I'd pass for another homogenously successful college graduate. If it wasn't possible for me to do that, I'd never have made it through the beauty contest of getting into grad school. I am grateful for my ability to understand esoteric literature theory, for the terrible toughness which is the legacy of being a homeless kid, and for the privilege that my pale skin and my cis gender afford me, even as I challenge the system that privileges those things. Without them, I would never have made it this far.

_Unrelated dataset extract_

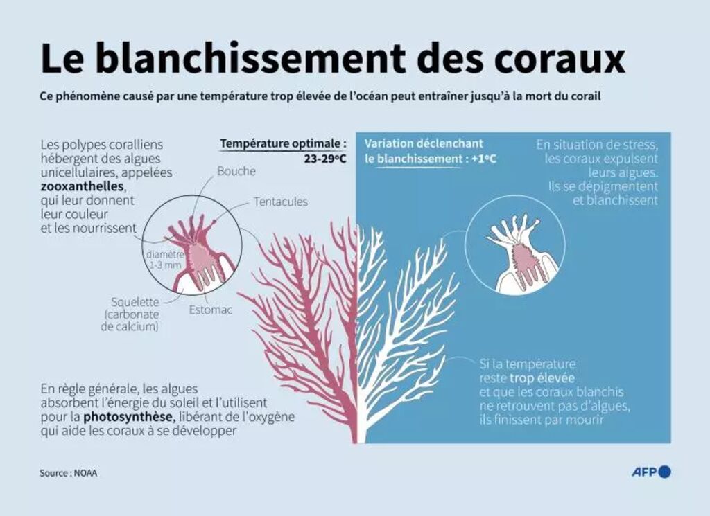 | Explication du phénomène de blanchissement des coraux pouvant se produire lorsque la température de l'océan est plus élevée que la normale. |

My director refers to me as the biggest cat person he's ever met. By this, he means he doesn't understand why I don't seem to care, why I don't bend with that pressure to conform. I've written him several defenses of my choices, disguised as personal essays. What he doesn't understand, what the faculty and many of my fellow students don't seem to understand is that I do care. God, do I care. I care for those poor kids, for my fellow academics who are dying under that lacquer. I care for everyone who has come to an education and been told they had to have a makeover first.
I care enough to be myself in the face of pressure not to be.
Doing so means risking poor job contacts, possibly talking my way out of a letter of recommendation, no less a good job; it means listening to a lot of insulting and aggravating commentary. The pressure to suppress my true self is always there, hovering alongside my resentment that I am expected to choose, that my poor students are expected to choose, between success and self.